What is needed
Please begin with the line containing "Bombki choinkowe zielone" and reproduce each line exactly until the records below end, without any pictures.

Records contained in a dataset

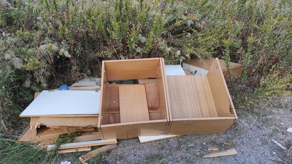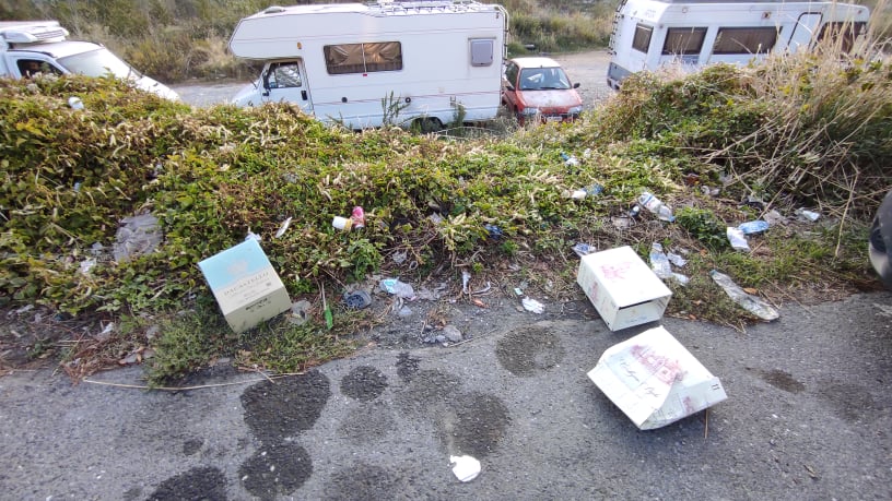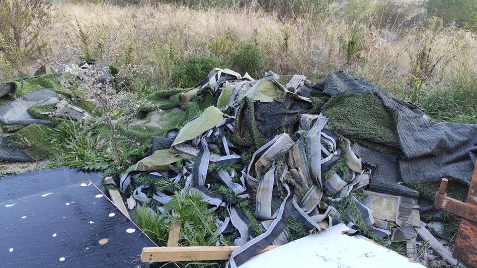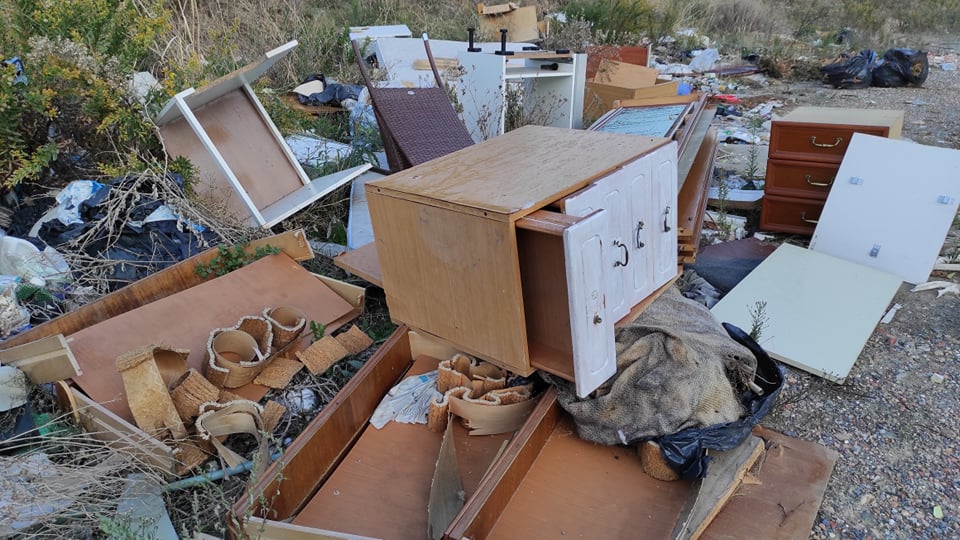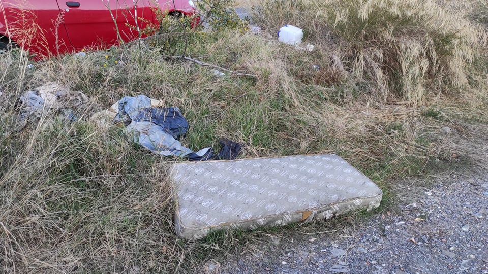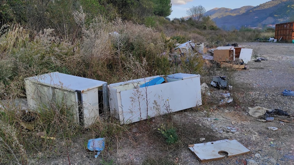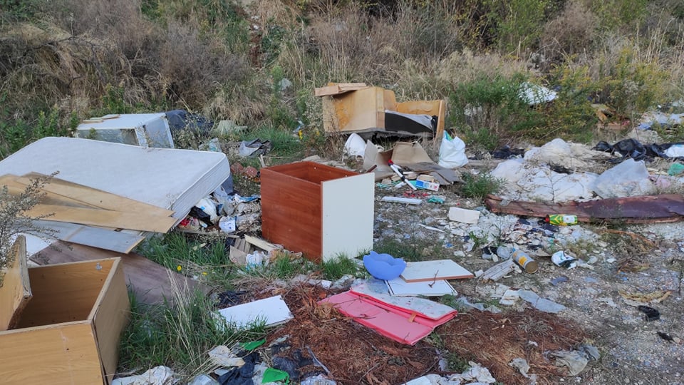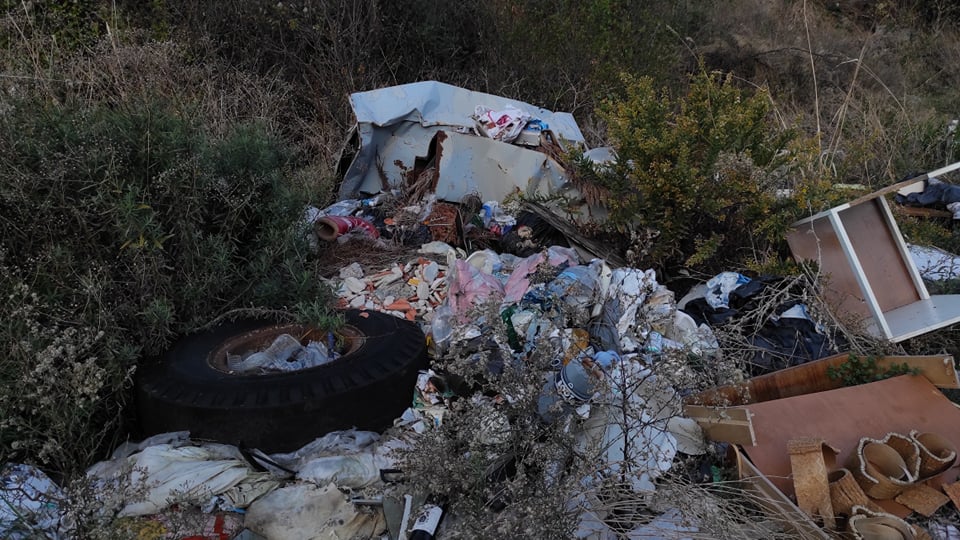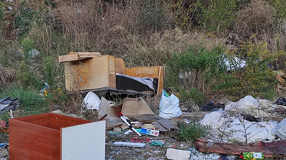 Come si può vedere dalle immagini, in una piazzola a bordo strada, sono ammassati rifiuti di ogni genere: elettrodomestici, mobili in legno, pneumatici, erba sintetica e una quantità indescrivibile di plastica e sacchi di plastica.
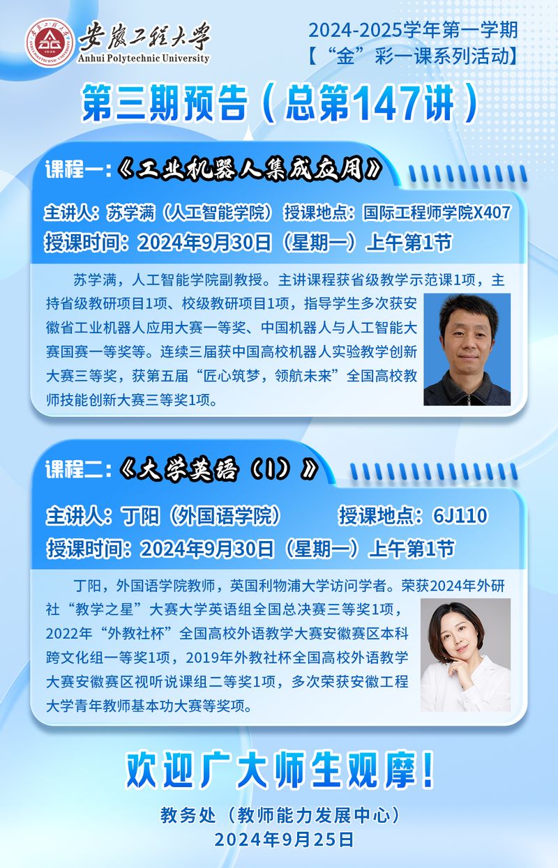 2024-2025学年第一学期【“金”彩一课系列活动】第三期预告(总第147讲)
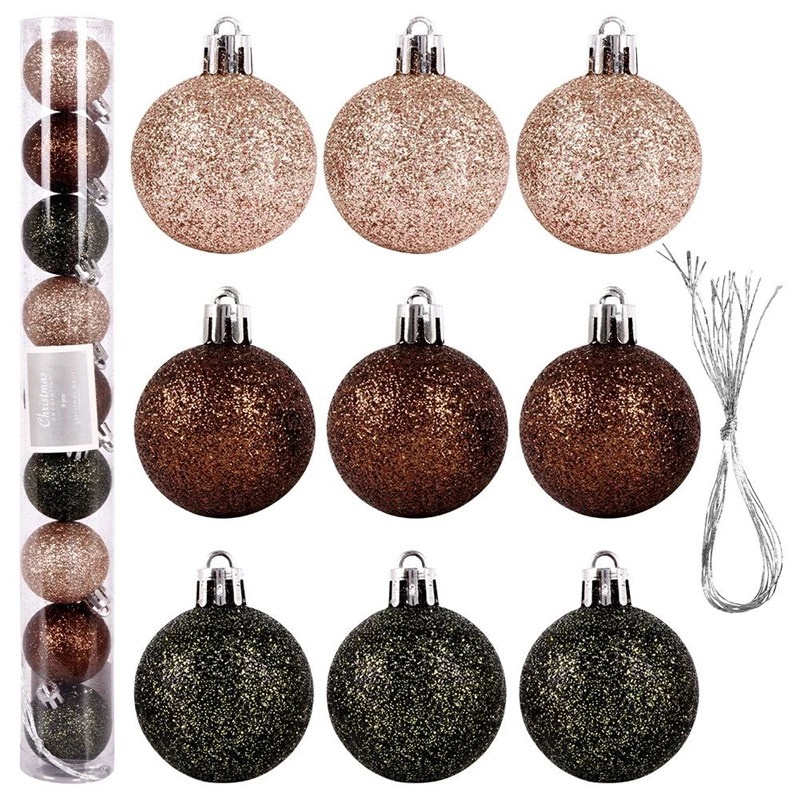 Bombki choinkowe zielone brązowe perłowe nietłukące 4 cm 9 szt.
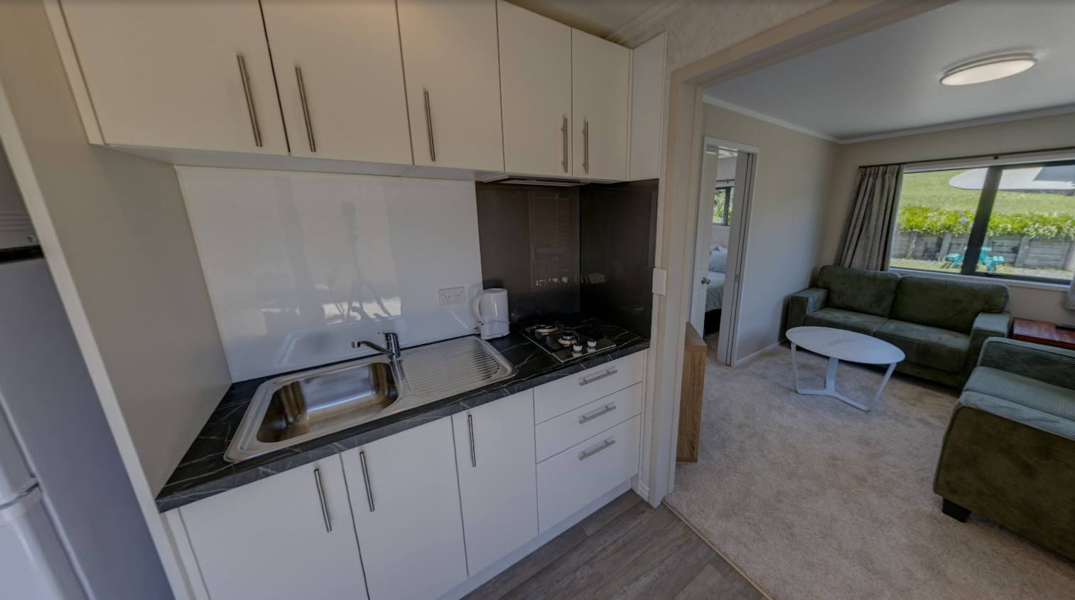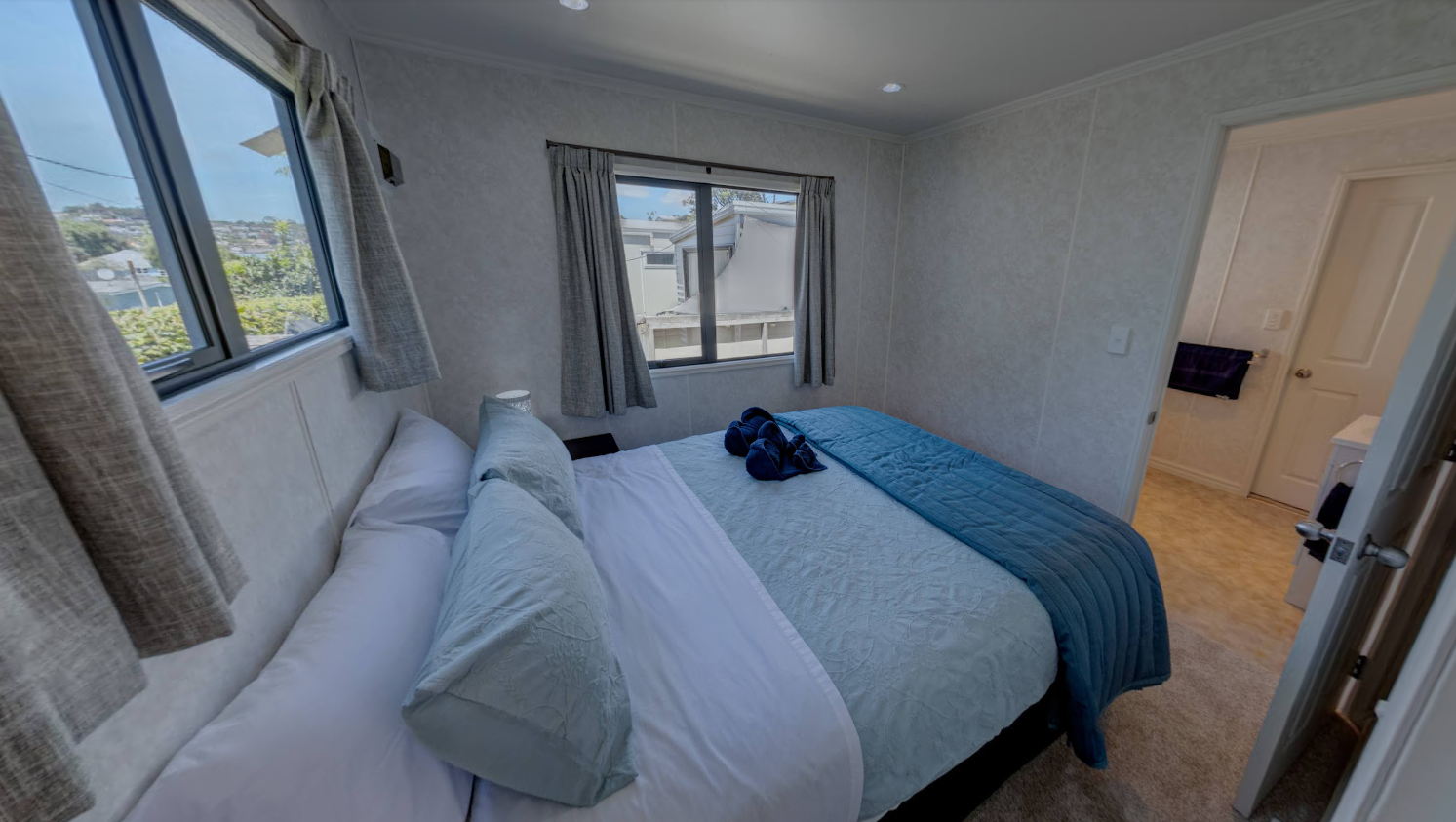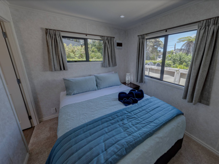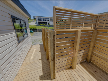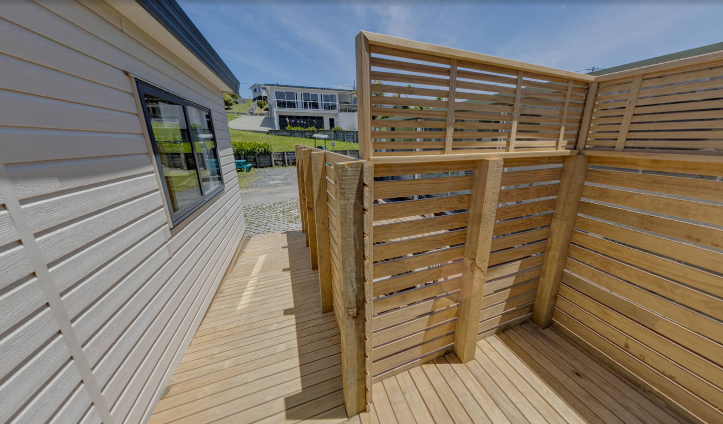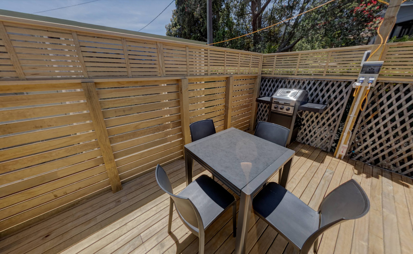 Our Fantail 2 Bedroom Unit has a small deck to enjoy the morning/afternoon sun and has 2 bedrooms both with queen beds. These include a fully equipped kitchen and bathroom facilities.
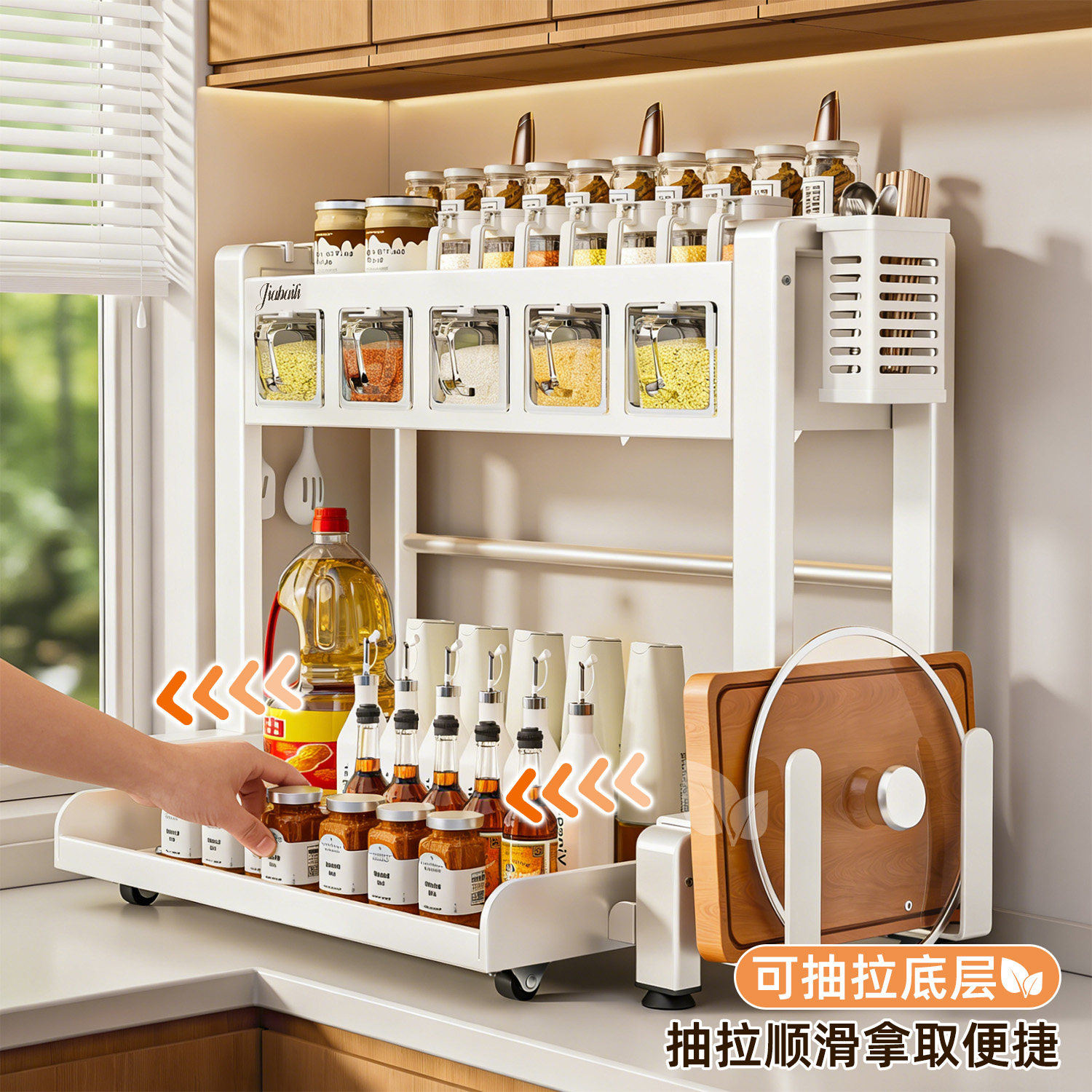 抽拉式厨房调料品置物架多功能台面放调味料瓶罐放置架筷子收纳盒
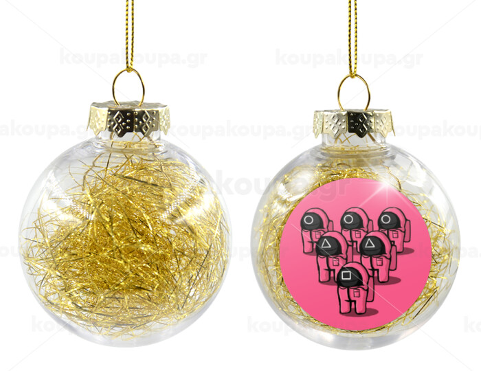 The squid game among us, Transparent Christmas tree ball ornament with gold filling 8cm

Output for this exercise
 Bombki choinkowe zielone brązowe perłowe nietłukące 4 cm 9 szt.
 Our Fantail 2 Bedroom Unit has a small deck to enjoy the morning/afternoon sun and has 2 bedrooms both with queen beds. These include a fully equipped kitchen and bathroom facilities.
 抽拉式厨房调料品置物架多功能台面放调味料瓶罐放置架筷子收纳盒
 The squid game among us, Transparent Christmas tree ball ornament with gold filling 8cm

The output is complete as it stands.